DESCRIPTION OF THE TASK: Can you transcribe the data exactly? Leave the pictures out.

STORED DATA:
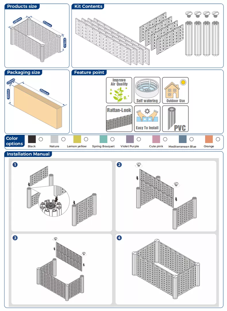 প্রতিটি আয়তক্ষেত্রাকার ইমোলর্যাটান প্লাস্টিকের বাগানের বিছানা একটি বিশদ চিত্রিত সমাবেশ নির্দেশিকা ম্যানুয়াল সহ আসে, যা প্রতিটি উপাদানের ইনস্টলেশন পদক্ষেপ এবং সতর্কতাগুলি স্পষ্টভাবে চিহ্নিত করে। সমাবেশ প্রক্রিয়া চলাকালীন আপনি যদি কোনো প্রশ্নের সম্মুখীন হন, আপনি অনলাইন গ্রাহক পরিষেবা, অফিসিয়াল হটলাইন বা অন্যান্য চ্যানেলের মাধ্যমে যে কোনো সময়ে আমাদের সাথে যোগাযোগ করতে পারেন, আপনি সুচারুভাবে ইনস্টলেশন সম্পূর্ণ করেছেন তা নিশ্চিত করতে আমরা একের পর এক ভিডিও বা পাঠ্য নির্দেশিকা প্রদান করব।
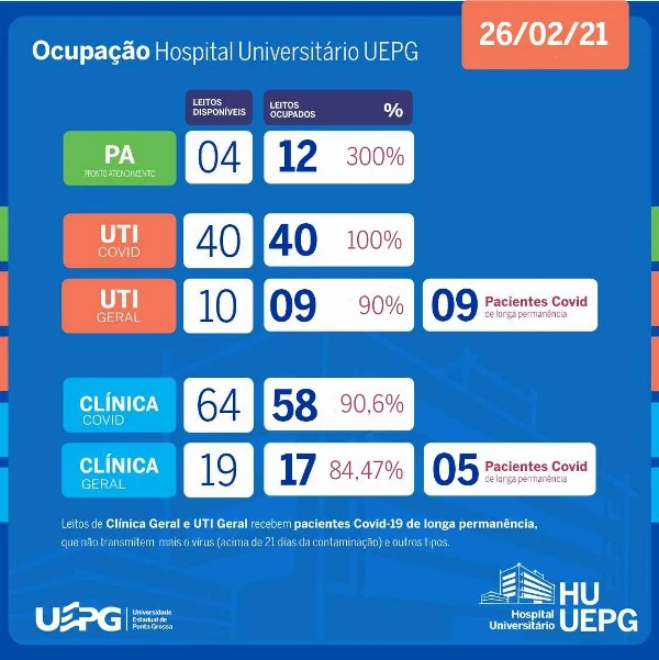 Apenas duas pessoas que não moravam em Ponta Grossa, porém estavam internadas em hospitais da cidade vieram a óbito por covid.De acordo com o Hospital Universitário Regional, 40 leitos de UTI- covid-19 estão ocupados, 10 leitos UTI geral, 09 estão ocupados.
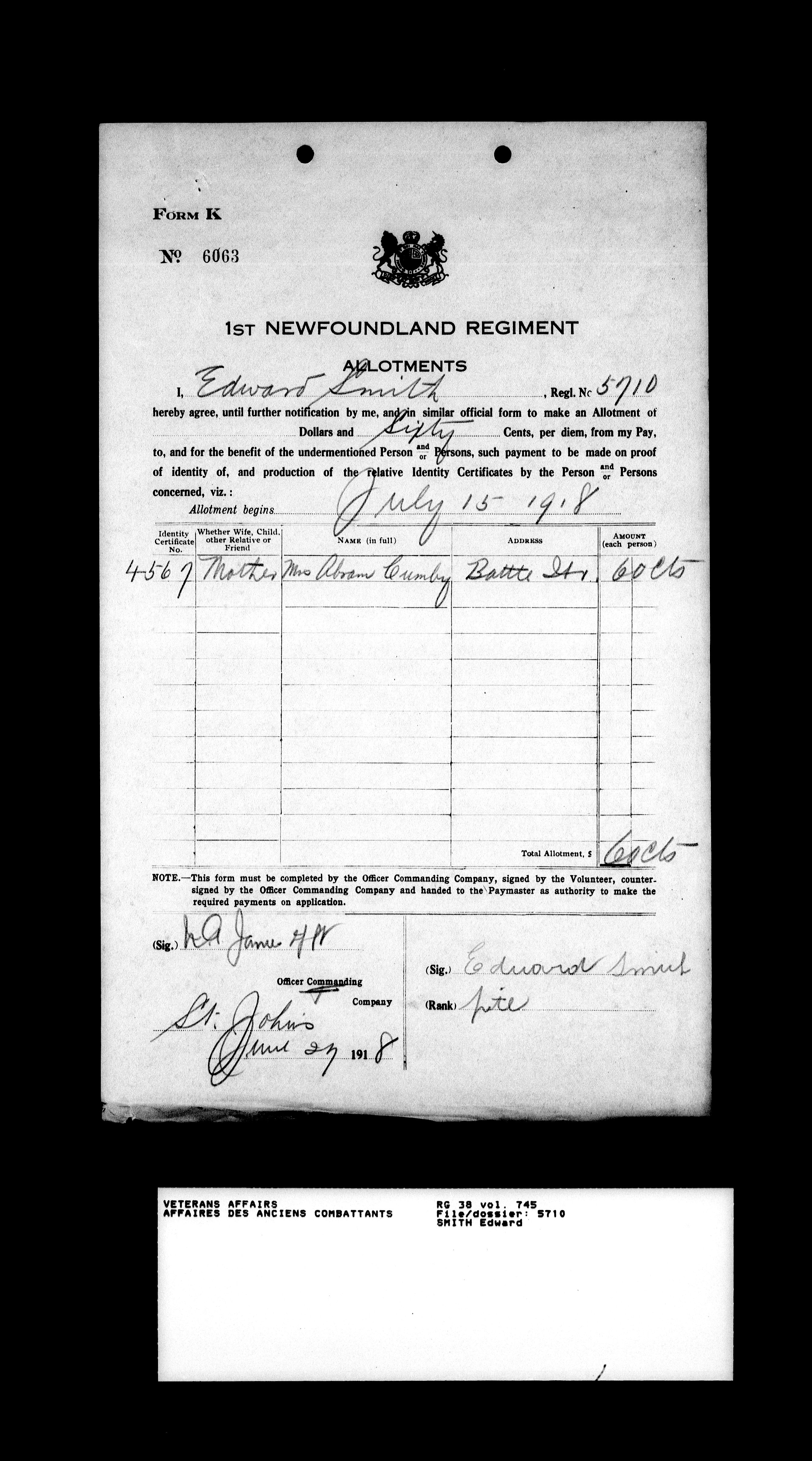 Military service files for members of the Royal Newfoundland Regiment and bandsmen and the Newfoundland Forestry Corps (1914-1919) - 18568

EXPECTED ANSWER:
 প্রতিটি আয়তক্ষেত্রাকার ইমোলর্যাটান প্লাস্টিকের বাগানের বিছানা একটি বিশদ চিত্রিত সমাবেশ নির্দেশিকা ম্যানুয়াল সহ আসে, যা প্রতিটি উপাদানের ইনস্টলেশন পদক্ষেপ এবং সতর্কতাগুলি স্পষ্টভাবে চিহ্নিত করে। সমাবেশ প্রক্রিয়া চলাকালীন আপনি যদি কোনো প্রশ্নের সম্মুখীন হন, আপনি অনলাইন গ্রাহক পরিষেবা, অফিসিয়াল হটলাইন বা অন্যান্য চ্যানেলের মাধ্যমে যে কোনো সময়ে আমাদের সাথে যোগাযোগ করতে পারেন, আপনি সুচারুভাবে ইনস্টলেশন সম্পূর্ণ করেছেন তা নিশ্চিত করতে আমরা একের পর এক ভিডিও বা পাঠ্য নির্দেশিকা প্রদান করব।
 Apenas duas pessoas que não moravam em Ponta Grossa, porém estavam internadas em hospitais da cidade vieram a óbito por covid.De acordo com o Hospital Universitário Regional, 40 leitos de UTI- covid-19 estão ocupados, 10 leitos UTI geral, 09 estão ocupados.
 Military service files for members of the Royal Newfoundland Regiment and bandsmen and the Newfoundland Forestry Corps (1914-1919) - 18568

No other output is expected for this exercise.